Radboud University Medical Center, Radboud Institute for Health Sciences, IQ Healthcare, Nijmegen, The Netherlands.
Institute for Human Movement Studies, Utrecht University of Applied Sciences, Utrecht, The Netherlands.
Eur Spine J. 2019 Jul;28(7):1550-1564. doi: 10.1007/s00586-019-05962-x. Epub 2019 Apr 19.
To develop a clinical standard set of outcome measures that are accepted for relevance and feasibility by stakeholders and useful for (a) interaction between patient and the professional, e.g. shared decision-making in goal-setting, monitoring and feedback based on outcomes, (b) internal quality improvement, and (c) external transparency in patients with non-specific low back pain (NSLBP) in primary care physical therapy.

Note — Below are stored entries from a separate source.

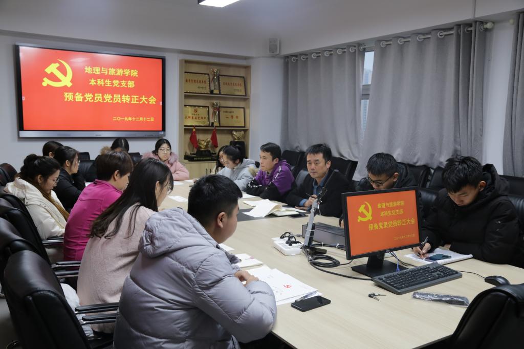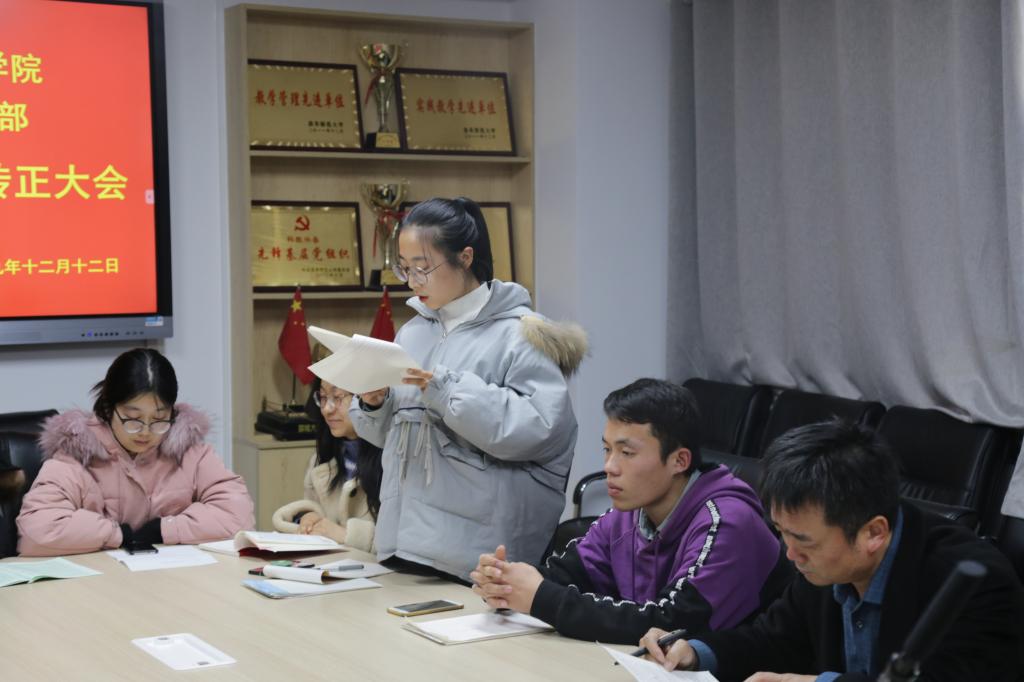 本科生党支部于会馆2401举行预备党员党员转正大会。党委副书记刘伟、2017级辅导员刘翔出席,本科生党支部组织委员、2019级辅导员李梅主持会议,本科生党支部全体党员参加。
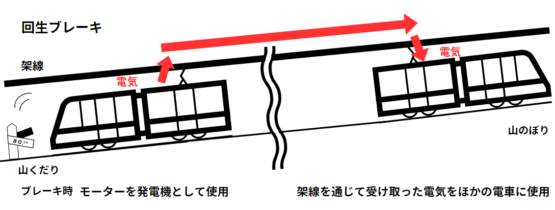 ブレーキ時にモーターを発電機として使用し、この際の運動エネルギーを電気エネルギーに変換します。ここで発生した電力は、電車の架線に戻され、ほかの走行中の電車に使用することで、消費電力の削減に大きく貢献することができます。
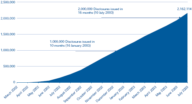 | The graph shows the cumulative workload of the Bureau to July 2003.
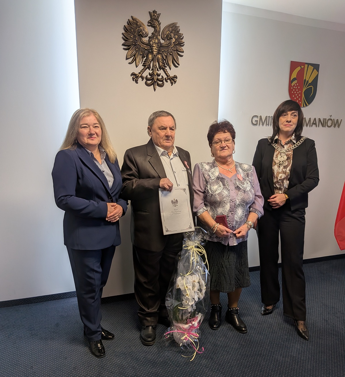 W otoczeniu najbliższej rodziny, Wójt Gminy Domaniów Pani Dorota Sala uroczyście wręczyła medale, składając gratulacje oraz serdeczne życzenia. Do gratulacji i życzeń dołączyła Kierownik USC Pani Joanna Pach życząc Dostojnym Jubilatom wielu wspólnych lat w zdrowiu i pomyślności, spokoju i ludzkiej życzliwości, a także wiele kolejnych pięknych jubileuszy.
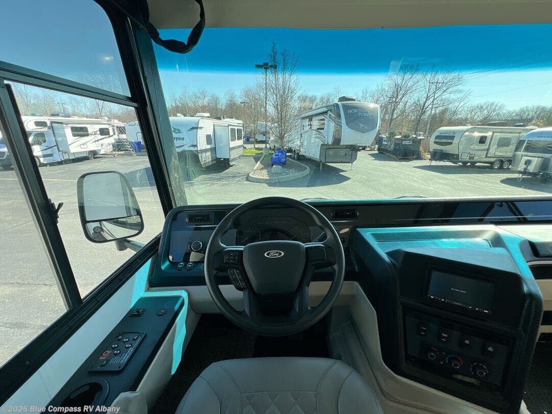 The Alante SE by Jayco provides an affordable choice for those who want to enter the Class A gas market! The durable construction includes StrongholdVBL roof, floor, and sidewalls plus bead-foam insulation and a one-piece, seamless fiberglass front cap. There are lockable pass-through storage compartments outside, along with an exterior utility center, a 4,000W generator, and solar prep for off-grid capabilities. The interior of this coach features hardwood cabinet doors and drawer fronts, decorative kitchen backsplash, and a 7' interior height for more space to stand up and move about. You will also appreciate the Customer Value Package that features the JRide handling package, Sony infotainment center, backup and side-view cameras, and more stand-out features!
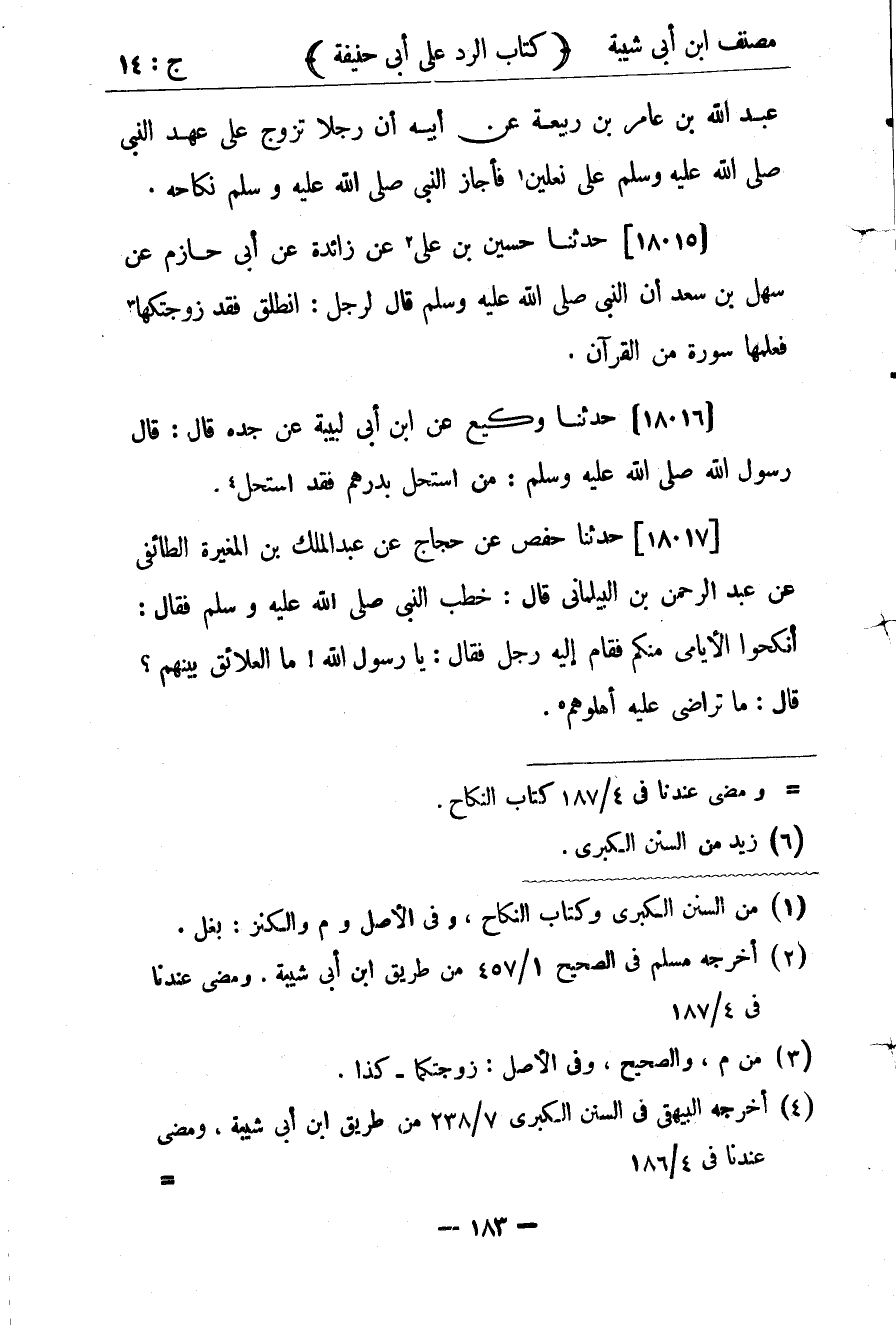 كتاب مصنف ابن أبي شيبة ط السلفية بالهند (اسم الجزء: 14)
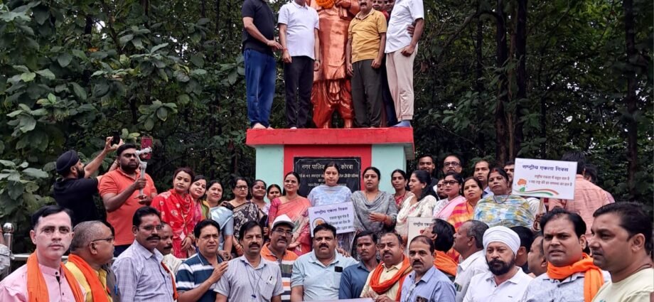 कोरबा। रियासतों में बटे भारत को एक सूत्र में पिरोकर अखंड भारत गणराज्य की नींव रखने वाले लौह पुरुष सरदार वल्लभभाई पटेल जी की 150 वीं जयंती पर राष्ट्रीय एकता दिवस का भव्य आयोजन भारतीय जनता पार्टी जिला कोरबा के उर्जावान जिलाध्यक्ष श्री गोपाल मोदी जी के नेतृत्व एवं कुशल मार्गदर्शन में बड़े ही उत्साह और देशभक्ति के माहौल में मनाया गया।

We used a consensus-driven modified RAND-UCLA Delphi method in seven steps with panellists (patients, representatives of patient and physiotherapy associations, researchers, policy makers, health insurers): (1) literature search, (2) first online survey, (3) patient interviews, (4) an experts meeting, (5) a consensus meeting, (6) second online survey, and (7) final approval of an advisory board. Steps 1-4 resulted in potential outcome measures. In the consensus meeting after discussion panellists voted for inclusion per measure. In the second online survey the final standard set was rated on relevance and feasibility on a 9-point Likert scale; when the median score was ≥ 7, the standard set was accepted and finally approved.
Thirteen draft outcome measures were rated and discussed, and finally, six outcome measures were accepted. The standard set includes the Quebec Back Pain Disability Scale, Oswestry Disability Index, Patient-Specific Functional Scale, Numeric Pain Rating Scale, Global Perceived Effect (GPE-DV), and the STarT Back Screening Tool (SBT).
This study presents a standard set of outcome measures for patients with NSLBP in primary care physiotherapy accepted for relevance and feasibility by stakeholders. The standard set is currently used in daily practice and tested on validity and reliability in a pilot study. These slides can be retrieved under Electronic Supplementary Material.
制定一套临床标准的结局测量指标,这些指标在利益相关者中被认为具有相关性和可行性,并且对于(a)患者与专业人员之间的互动有用,例如在目标设定、基于结果的监测和反馈方面的共同决策,(b)内部质量改进,以及(c)非特异性下腰痛(NSLBP)患者在初级保健物理治疗中的外部透明度。
我们使用了一种共识驱动的改良 RAND-UCLA Delphi 方法,分七个步骤进行,参与者包括(患者、患者和物理治疗协会的代表、研究人员、政策制定者、健康保险公司):(1)文献检索,(2)第一次在线调查,(3)患者访谈,(4)专家会议,(5)共识会议,(6)第二次在线调查,以及(7)顾问委员会的最终批准。步骤 1-4 产生了潜在的结局测量指标。在共识会议上,讨论后参与者对每个指标进行了投票表决。在第二次在线调查中,最终的标准集在相关性和可行性方面的评分是 9 分制;当中位数评分≥7 时,标准集被接受,并最终得到批准。
对 13 项草案结局测量指标进行了评价和讨论,最终有 6 项指标被接受。该标准集包括魁北克腰痛残疾量表、Oswestry 残疾指数、患者特定功能量表、数字疼痛评分量表、总体感知效果(GPE-DV)和 STarT 腰痛筛查工具(SBT)。
本研究提出了一套适用于初级保健物理治疗中 NSLBP 患者的标准结局测量指标,在利益相关者中被认为具有相关性和可行性。该标准集目前在日常实践中使用,并在一项试点研究中对其有效性和可靠性进行了测试。这些幻灯片可以在电子补充材料中检索到。